Fibronectin has been implicated in carcinoma development. In lung carcinoma, fibronectin expression is increased especially in non-small cell lung carcinoma. The adhesion of lung carcinoma cells to fibronectin enhances tumorigenicity and confers resistance to apoptosis-inducing chemotherapeutic agents. Fibronectin has been shown to stimulate the gonadal steroids that interact with vertebrate androgen receptors, which are capable of controlling the expression of cyclin D and related genes involved in cell cycle control. These observations suggest that fibronectin may promote lung tumor growth/survival and resistance to therapy, and it could represent a novel target for the development of new anticancer drugs.

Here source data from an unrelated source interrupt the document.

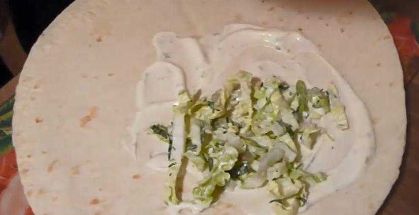 - Затем начинка смешивается с соусом и заворачивается в лаваш. А дальше можно или подрумянить на сухой сковороде, или прогреть в микроволновке.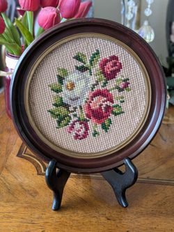 Vintage Round Floral Needlepoint Wall Art Framed Roses 7" Diameter Cottage Decor$25Placentia, CA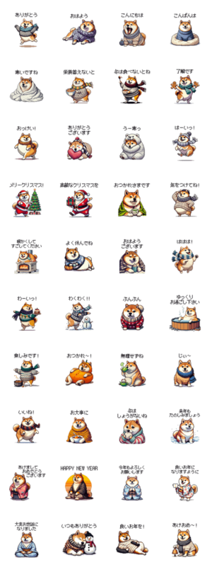 ずっと使える冬・年末年始のふとっちょ柴犬 スタンプ画像一覧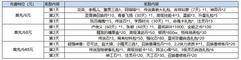活动五:首充礼包活动内容:水粉们首次充值任意金额即可领取价值丰厚的首充礼包。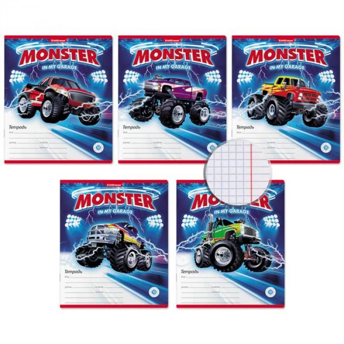 Тетрадь школьная ученическая ErichKrause Monster Car 18 листов клетка 49203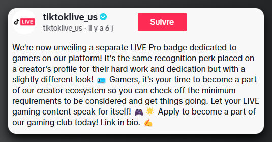 - TikTok lance un nouveau badge LIVE Pro dédié au contenu Gaming sur sa plateforme aux US/Canada, dont voici les critères :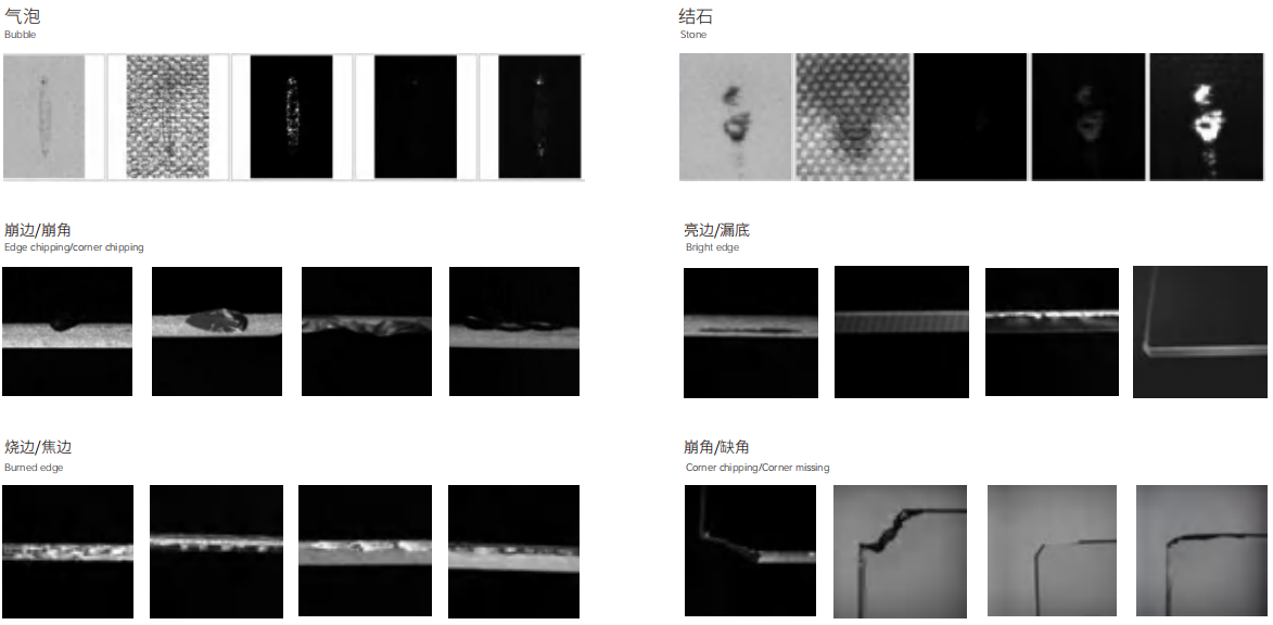 絲印玻璃除了絲印缺陷外,對臟污,劃傷類缺陷檢測能力達到90%;同時對玻璃缺邊,缺角也可以進行檢測;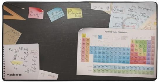 Małe podkładki pod mysz komputerową bywają irytujące – zaginające się rogi, wystrzępione brzegi… To już przeszłość! Natec Discoveries to bardzo duża podkładka o wymiarach 800x400mm, na której zmieści się nie tylko mysz, ale także klawiatur PODKŁADKA NIE TYLKO POD MYSZ Małe podkładki pod mysz komputerową bywają irytujące – zaginające się rogi, wystrzępione brzegi… To już przeszłość! Natec Science to bardzo duża podkładka o wymiarach 800x400mm, na której zmieści się nie tylko mysz, ale także klawiatura. Dzięki swojej dużej powierzchni podkładka zabezpiecza blat biurka przed uszkodzeniami a za sprawą doskonałej jakości wykonania służyć będzie użytkownikowi przez długi czas. UNIKATOWA I PRAKTYCZNA GRAFIKA Głównym wyróżnikiem Natec Science jest unikatowa grafika imitująca blat biurka z układem okresowych pierwiastków oraz stałymi fizykochemicznymi i podstawowymi wzorami z fizyki i chemii zapisanymi w formie notatek. Dzięki temu podkładka nie tylko ułatwia posługiwanie się myszką, ale także pomaga w pracy, zabawie i nauce będąc nieodzowną pomocą dla każdego ucznia. Dodatkowo żywa kolorystka sprawia, że podkładka stanie się ciekawym uzupełnieniem wystroju wnętrza. DOSKONAŁA JAKOŚĆ WYKONANIA Wierzchnia warstwa wykonana z wodoodpornej tkaniny zapewnia wysoką precyzję śledzenia ruchów myszy optycznej i laserowej oraz redukuje tarcia o powierzchnię. Podkładka wyposażona jest również w antypoślizgową warstwę na spodzie, która zapobiega przesuwaniu się produktu. Obszyte krawędzie podkładki zabezpieczają ją przed zniszczeniem.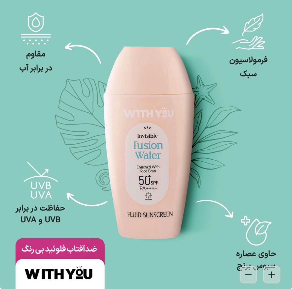 نام محصول: فلوئید ضدآفتاب فیوژن واتر SPF50 بی رنگ ویت یو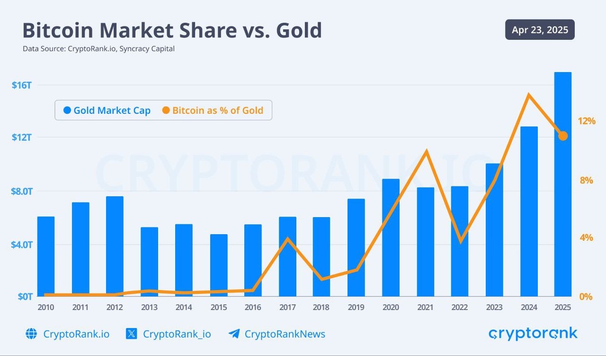 #BTC Bitcoin это всего лишь 11% от рынка золота Gold 🏆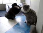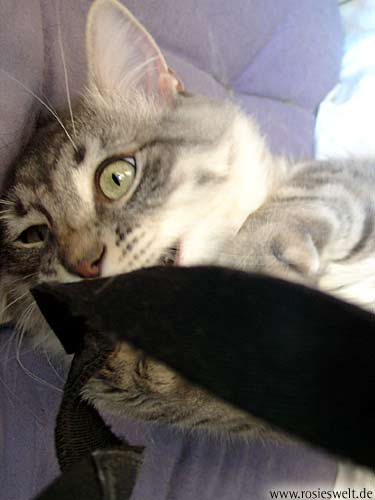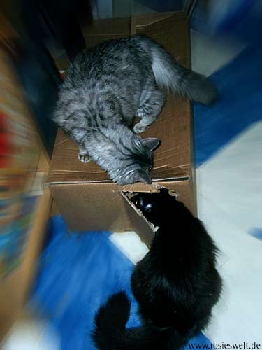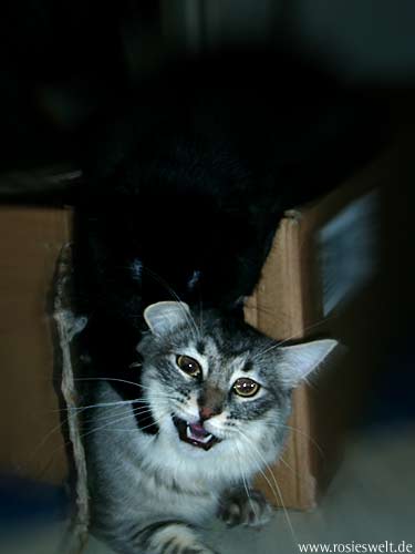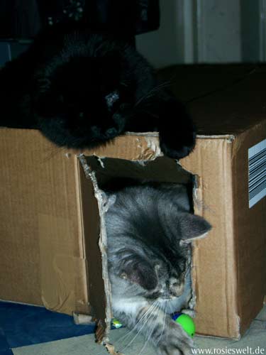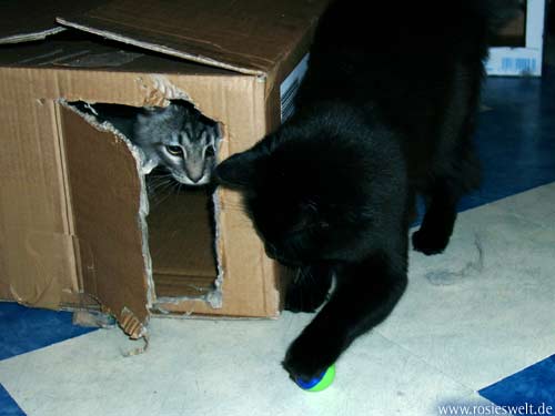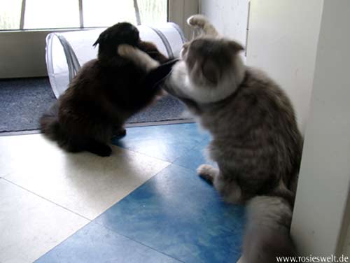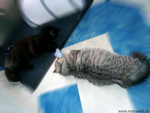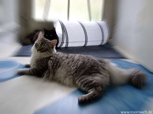 | Seite 10 Nun ist unserer Trio – laut Impfpass 1. April – fast ein Jahr alt, sie sind nun wohl ziemlich ausgewachsen und beglücken uns nach wie vor mit ihren Späßen. Spielen und Toben stehen täglich auf dem Programm und sie finden immer wieder neue Sachen mit denen sie durch die Bude fegen. |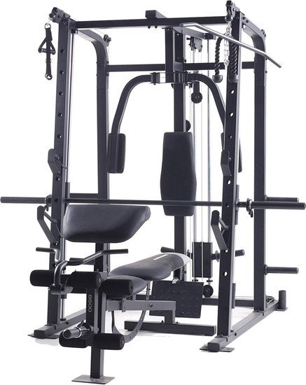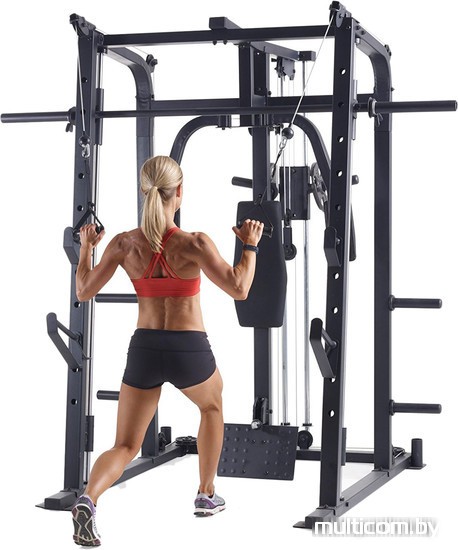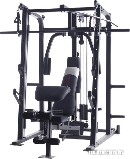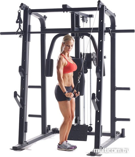 | Информация | Силовая станция со скамьей WEIDER PRO 8500. Изготовлена из прочного стального профиля. Скамья со спинкой позволяет отрегулировать угол наклона.В комплекте опции для выполнения различных силовых упражнений: Машина Смита, тяга сверху / снизу, баттерфляй, парта для бицепса, жим ногами, жим лежа на скамье дополнительной штанги (опция).В качестве нагрузки используются диски диаметром 50 мм (опция). Кронштейны для установки штанги и дополнительные кронштейны для контроля (страховки) регулируются по высоте. Для хранения весов (дисков) предусмотрены 4 держателя, посадочный размер 50 мм. |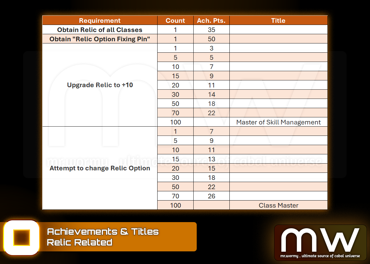 - Specific amount of Relic Option Fixing Pin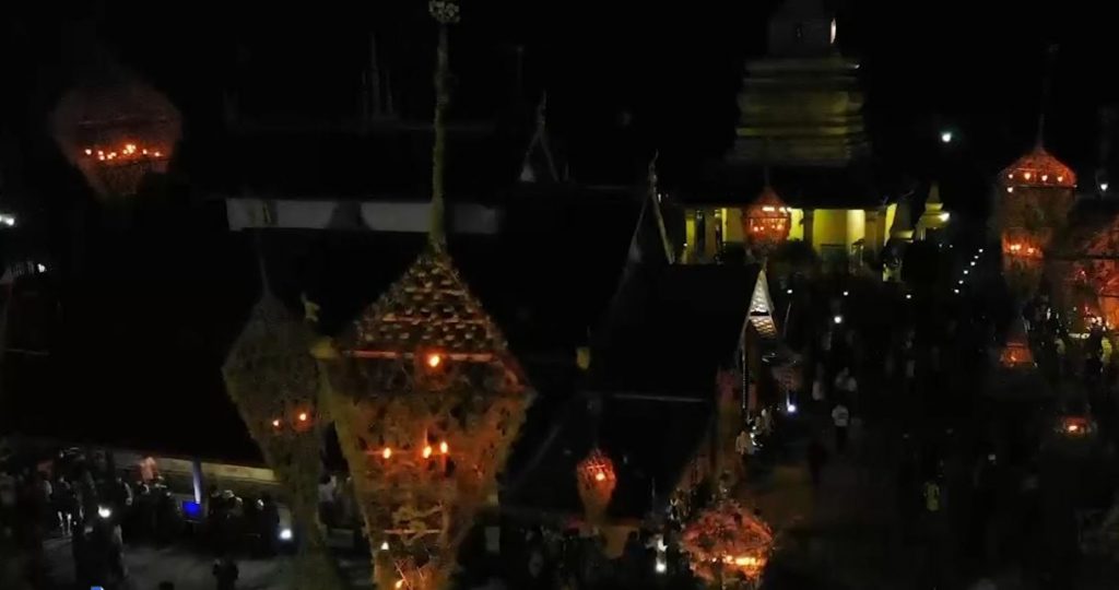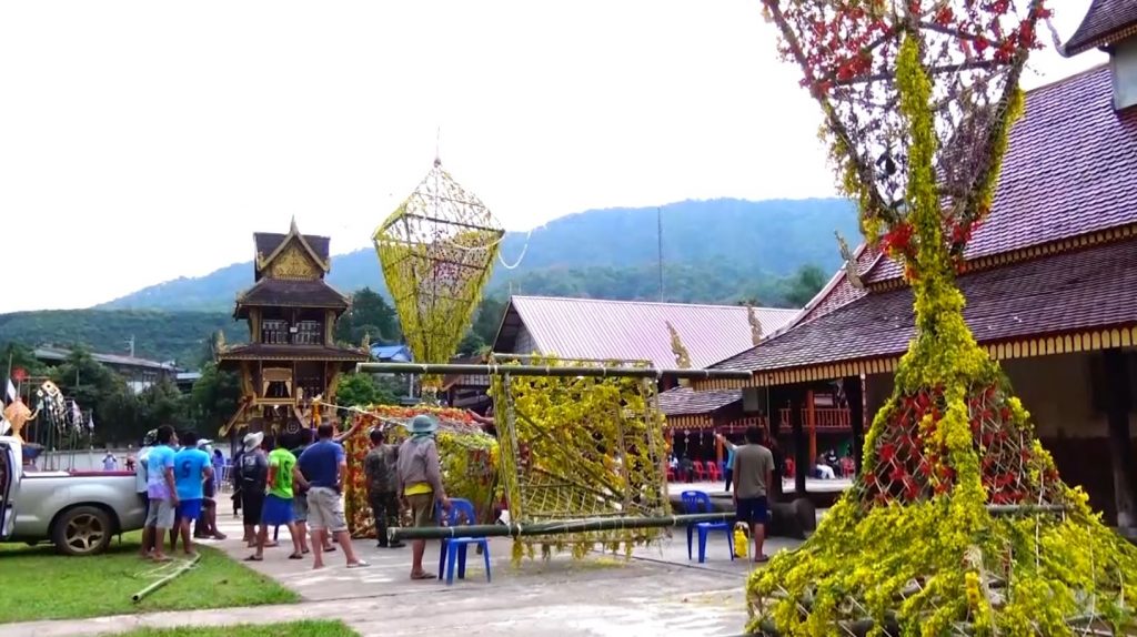 ต้นดอกไม้ของตำบลแสงภา จะมีลักษณะเด่นกว่าทุกวัด คือ มีขนาดใหญ่และสูง มีความกว้าง 3.50 เมตร สูง 15 เมตร โดยต้องทำให้เสร็จภายในวันเดียว ชาวบ้านผู้ชายจะตัดไม้ไผ่มาผูกเป็นโครง อุปกรณ์ที่ใช้ยึดจะมาจากธรรมชาติทั้งสิ้น ไม่มีการใช้ลวด หรือสิ่งอื่นใดที่ไม่ใช่ธรรมชาติ ส่วนผู้หญิงจะทำหน้าที่จัดหาดอกไม้จากต้นไม้ในหมู่บ้านมามัดรวมเป็นช่อๆ เพื่อการตกแต่ง ถือเป็นกิจกรรมที่แสดงให้เห็นถึงความศรัทธาในพระพุทธศาสนา และแสดงให้เห็นถึงความสามัคคีของชาวบ้านเป็นอย่างยิ่ง. – สำนักข่าวไทย

Fibronectin 1 acts as a potential biomarker for radioresistance and for pan-cancer prognosis.

FN1-FGFR1 fusion is frequent in phosphaturic mesenchymal tumours.

== Role in wound healing ==
Fibronectin has profound effects on wound healing, including the formation of proper substratum for migration and growth of cells during the development and organization of granulation tissue, as well as remodeling and resynthesis of the connective tissue matrix. The biological significance of fibronectin in vivo was studied during the mechanism of wound healing. Plasma fibronectin levels are decreased in acute inflammation or following surgical trauma and in patients with disseminated intravascular coagulation.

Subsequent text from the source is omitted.